A mother (voiced by Sigrid Thornton) cannot sleep, obsessing about misfortunes that could befall her and her baby son. Thinking of the sea calms her, but the morning brings more dreadful disasters, all of them imagined. A visit to the school fete merely provides another opportunity for her projections of worst-case scenarios, as does driving her car on a busy highway. Finally arriving by the sea, the mother is swept out by a huge wave. She panics, imagining drowning and sharks, but is saved by an unlikely hero, and recalls his good advice.

Curator’s notes

Sarah Watt returns to her theme of imagined disasters in Living with Happiness (see also Look Both Ways, 2005).
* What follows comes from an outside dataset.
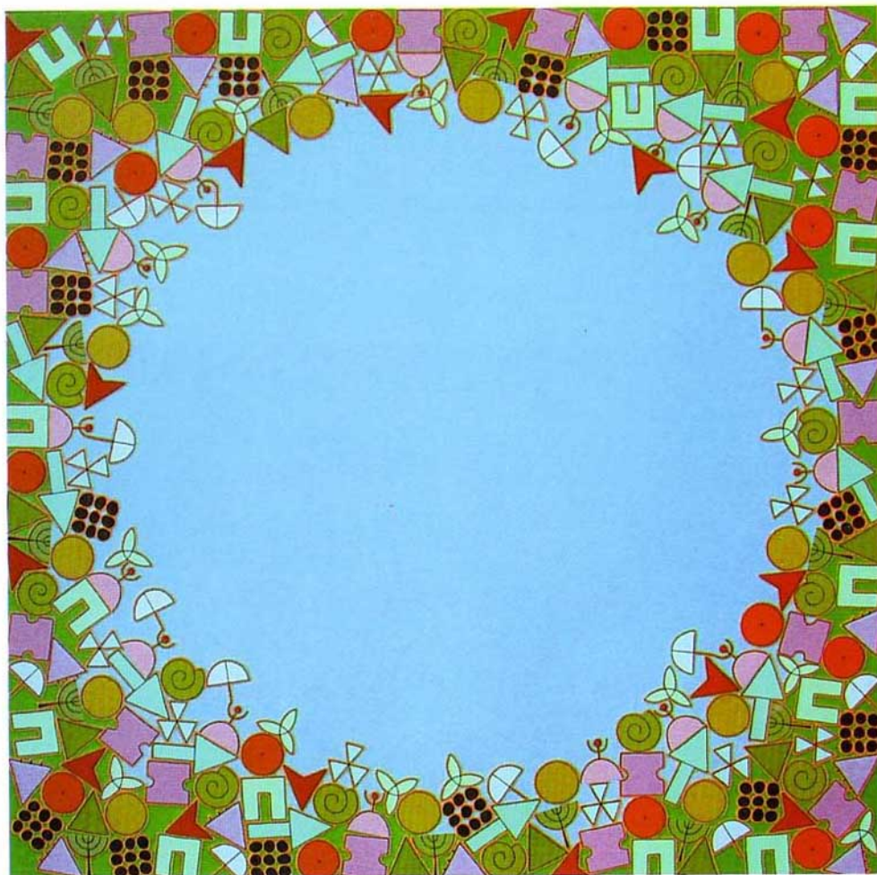
Círculo de luz 2005 Acrílico sobre lienzo 125 x 125 cm

Following Small Treasures (1995), it is a continuation of her personal story of motherhood.

This film is handled with a lighter touch – the protagonist ridicules her own fears that happiness and life itself may be snatched away at any moment. Living with Happiness questions our own ability to embrace happiness without worrying about its demise.

When swept out to sea she confronts her fears and discovers a will to live that brings her out of the depths, into the light and allows her to embrace living with happiness.

Living with Happiness won the 2001 AFI Award for Best Short Animation, and later screened at the 2002 WOW International Film Festival. It also screened as part of Home Movies on SBS in early 2002.